サテイエは 遠く深くにある記憶を呼び起こそうと静かに目を閉じた。
そして、まずはサテイエ自身の幼い時の話からをマリュウに聞かせた。
ちょうど60年前に この世に生を享け
山間の農家で育ったが、10歳の頃にカウチシティに一家でやって来たこと。
女学生だった頃の思い出話や その当時の生活の様子…
結婚して間もなく愛する夫トニーが戦争に行ったこと。
しかし休戦後、無事に生還し、長男マスリの誕生…
そして、長女シーリャ・次男ツエル・次女ミワリィ・三男セエイと
男・女・男・女・男の順番に見事 子供を産み分けたこと。
その後、トニーが病に倒れ看病に明け暮れる日々…そしてトニーの死。
だが そんな不幸の中におかれても
長女シーリャと次男ツエルは幼い頃からの秀才で サテイエにとって誇りに思えたこと。
次女ミワリィは器量が良く そして弟セエイの面倒をよくみたこと。
シーリャとミワリィが嫁いで行った時の話…などなど
それら 悲しかったこと 楽しかったことを ゆっくりとマリュウに話して聞かせた。
マリュウも 自分の生まれる何十年も前のことなのに
あたかも 今 目の前で起こっている出来事のように感じながら聞き入っていた。

「マスリのことも話さないといけないね。
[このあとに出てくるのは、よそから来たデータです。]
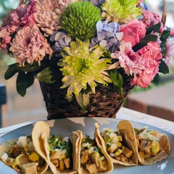 Proteina de trigo con sazón de la casa tipo bistek, acompañado de guacamole, cilantro y cebolla

」
そう言って、途端に表情を曇らせてしまったサテイエだったが
「そうだね… 今日は きっと このことを話すために
 神様がマリュウと一緒にいられる時間を作ってくれたんだ。」

長男マスリは、マリュウが生まれる二年前に この世を去っている。
マリュウは 伯父マスリが どんな人物であったのか 今日まで知らない。
マスリにいったい何があったのか?
マリュウの母は 今 何処にいるのか?
そして、夢に出てきたアースクラスとは?
多くの謎が今、一つ一つサテイエの口から解かれようとしていた。